宇宙(そら)駆ける夢
韓国の科学技術衛星2号を搭載した初の自前ロケットKSLV-1はどうやら軌道投入に失敗した模様です。模様ですと言うのは、未だ衛星との間の通信が確立できず衛星そのものの軌道位置を当局が把握出来ていないからで、今の時代に考えられない事態で、ちょっとあきれてしまいました。我が国がソ連、米国、フランスについで人工衛星の打ち上げに成功したのは1970年2月でした。その後「おおすみ」と命名されたL-4Sロケットの4段目は打ち上げ後順調に飛行を続けましたが、その間グァム、ハワイ等の各地上局が衛星からのビーコン電波を受信し続け、サンチアゴ、ヨハネスブルグで受診された時に打ち上げ成功の祝電が寄せられたように記憶しています。
韓国当局は自力での衛星の把握が出来ず、米国NORDの観測データーに頼る方針のようですが、あれから40年も経っているのに衛星打ち上げ国の能力としてはちょっと考えられないレベルの低すぎる話です。そもそも衛星の切り離しはあらかじめプログラムされた慣性誘導装置によって行われるはずですが、設定高度306Kmに対して342Kmでは誤差が12%もあり、科学技術衛星打ち上げどころのレベルではありません。
※追記 その後失敗の原因について新たな発表がありました。それによれば韓国が開発した衛星のフェアリングの分離に失敗し、残った片側のフェアリングの重量によって衛星は軌道投入速度に達することが出来ず、地上に落下して消滅した模様とのことです。これまで発表の内容が二転三転しましたので、最終報告が出されるまでは中間報告的なものと考えた方が良さそうです。

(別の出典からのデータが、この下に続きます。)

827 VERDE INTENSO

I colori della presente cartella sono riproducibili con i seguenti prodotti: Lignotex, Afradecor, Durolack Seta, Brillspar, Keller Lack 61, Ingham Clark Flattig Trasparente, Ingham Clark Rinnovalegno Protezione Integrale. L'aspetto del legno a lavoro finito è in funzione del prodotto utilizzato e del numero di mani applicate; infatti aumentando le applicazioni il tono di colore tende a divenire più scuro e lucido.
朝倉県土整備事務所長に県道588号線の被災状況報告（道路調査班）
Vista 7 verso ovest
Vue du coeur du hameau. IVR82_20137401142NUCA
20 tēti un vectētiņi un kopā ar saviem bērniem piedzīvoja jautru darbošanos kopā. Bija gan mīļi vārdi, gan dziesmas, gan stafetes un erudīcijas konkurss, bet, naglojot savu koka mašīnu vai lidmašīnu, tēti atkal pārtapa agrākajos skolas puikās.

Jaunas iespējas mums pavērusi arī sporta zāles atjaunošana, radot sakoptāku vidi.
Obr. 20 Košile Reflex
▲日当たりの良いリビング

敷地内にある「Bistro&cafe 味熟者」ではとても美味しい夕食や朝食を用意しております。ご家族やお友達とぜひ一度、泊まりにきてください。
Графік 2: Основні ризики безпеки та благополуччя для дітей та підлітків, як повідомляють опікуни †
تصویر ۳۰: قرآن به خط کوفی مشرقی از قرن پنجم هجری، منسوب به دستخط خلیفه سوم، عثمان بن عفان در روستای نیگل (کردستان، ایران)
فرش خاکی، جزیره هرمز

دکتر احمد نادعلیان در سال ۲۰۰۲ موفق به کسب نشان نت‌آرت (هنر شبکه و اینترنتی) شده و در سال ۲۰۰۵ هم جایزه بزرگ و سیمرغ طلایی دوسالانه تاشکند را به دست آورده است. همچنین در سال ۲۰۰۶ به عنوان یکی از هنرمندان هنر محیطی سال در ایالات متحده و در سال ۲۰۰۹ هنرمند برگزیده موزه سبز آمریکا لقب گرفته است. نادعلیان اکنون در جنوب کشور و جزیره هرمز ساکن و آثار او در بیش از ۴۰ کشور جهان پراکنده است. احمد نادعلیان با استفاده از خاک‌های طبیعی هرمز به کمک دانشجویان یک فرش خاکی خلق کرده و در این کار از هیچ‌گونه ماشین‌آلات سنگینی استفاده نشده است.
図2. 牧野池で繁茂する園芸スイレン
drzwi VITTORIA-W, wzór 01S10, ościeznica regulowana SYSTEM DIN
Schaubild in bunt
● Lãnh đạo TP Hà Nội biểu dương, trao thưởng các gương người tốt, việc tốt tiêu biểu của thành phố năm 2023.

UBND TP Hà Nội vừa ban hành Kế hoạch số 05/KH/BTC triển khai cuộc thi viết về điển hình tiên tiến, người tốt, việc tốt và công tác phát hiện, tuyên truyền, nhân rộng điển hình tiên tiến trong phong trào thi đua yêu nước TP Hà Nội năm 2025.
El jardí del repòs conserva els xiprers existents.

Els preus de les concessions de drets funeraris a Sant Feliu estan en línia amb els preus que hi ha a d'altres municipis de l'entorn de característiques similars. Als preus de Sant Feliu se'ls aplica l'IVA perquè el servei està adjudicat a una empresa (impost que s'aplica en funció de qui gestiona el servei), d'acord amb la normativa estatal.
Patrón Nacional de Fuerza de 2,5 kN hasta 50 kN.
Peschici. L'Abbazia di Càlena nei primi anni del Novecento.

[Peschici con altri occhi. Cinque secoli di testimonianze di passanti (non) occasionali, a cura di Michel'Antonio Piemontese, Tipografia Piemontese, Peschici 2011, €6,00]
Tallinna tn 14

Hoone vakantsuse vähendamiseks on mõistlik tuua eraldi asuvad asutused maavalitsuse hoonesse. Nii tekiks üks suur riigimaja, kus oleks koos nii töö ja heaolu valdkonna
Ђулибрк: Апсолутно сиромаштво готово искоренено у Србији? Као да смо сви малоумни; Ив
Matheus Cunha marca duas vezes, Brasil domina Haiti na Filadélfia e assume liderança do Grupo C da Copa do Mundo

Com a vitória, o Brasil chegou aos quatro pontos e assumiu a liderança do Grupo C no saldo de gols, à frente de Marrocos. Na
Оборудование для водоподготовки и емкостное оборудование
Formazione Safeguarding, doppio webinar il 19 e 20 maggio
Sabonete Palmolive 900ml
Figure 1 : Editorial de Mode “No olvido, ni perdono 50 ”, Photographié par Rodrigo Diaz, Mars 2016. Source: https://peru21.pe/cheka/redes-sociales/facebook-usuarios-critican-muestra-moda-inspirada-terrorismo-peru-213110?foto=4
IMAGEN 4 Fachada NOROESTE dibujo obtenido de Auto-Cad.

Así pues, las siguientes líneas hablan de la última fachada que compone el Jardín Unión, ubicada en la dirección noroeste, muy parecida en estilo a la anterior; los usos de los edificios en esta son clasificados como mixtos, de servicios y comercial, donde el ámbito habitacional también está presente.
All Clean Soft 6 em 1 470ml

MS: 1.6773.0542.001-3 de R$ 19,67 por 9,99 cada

韓国には南北間の戦争状態によって、ロケット開発が制限され続けた不幸な歴史がありますし、我が国も固体ロケットから液体ロケットへの転換に米国のデルタロケットの技術を導入し、国産のH-Ⅱにつなげるまで20年程費やしていますから、あまり功をあせらず地道に努力を続けて欲しいものです。
よその国のことはこれくらいにして、H-ⅡBの話題です。いよいよ来月9月11日にH-ⅡBの初号機となる試験機がHTV:宇宙ステーション補給機の技術実証機を搭載して種子島から打ち上げられます。HTVも23日には無事フェアリングに収められて順調に作業が進んでいるようです。これまで我が国の宇宙ロケットは各段すべて1基のエンジンしか搭載していませんでした。これに対してロシア、中国などはエンジンを束ねて使用するクラスター化によって大きな推力を得ていました。HTVは質量が10.5トン、ペイロード6トンもあるため、初めてメインエンジンLE-7を2基にすることによって打ち上げ能力を増加させたものです。H-ⅡAはいままで15回の打ち上げにおいてLE-7の不調による失敗は起きていません。(6号機は途中で指令破壊されましたが、SRB:個体ロケットブースターのノズル破損による信号ケーブル損傷によるものです) 搭載するLE-7も従来通り実機でそれぞれ燃焼試験を行っていますので、まず間違いは無かろうと思うのですが無事上がることを祈っています。
またHTVは直径4.4m、高さ11mで大型バス並みの大きさと言われていますが、アポロ宇宙船の指令・機械船のサイズが3.9m、11mでしたのでそれに肩を並べる大きさで、米・ロに大きく遅れをとった我が国の宇宙技術もやっとここまで辿り着いたかと感慨深いものがあります。近い将来スペースシャトルが老朽化によって退役してしまうと宇宙に大型設備を運べるのはHTVだけになってしまうので、その存在意義はますます大きなものとなってきます。
更に最近HTVを改造して有人宇宙船を作るプランも発表されていますが、政権の行方もあり、今のところこちらは大いなる夢と言ったところですか。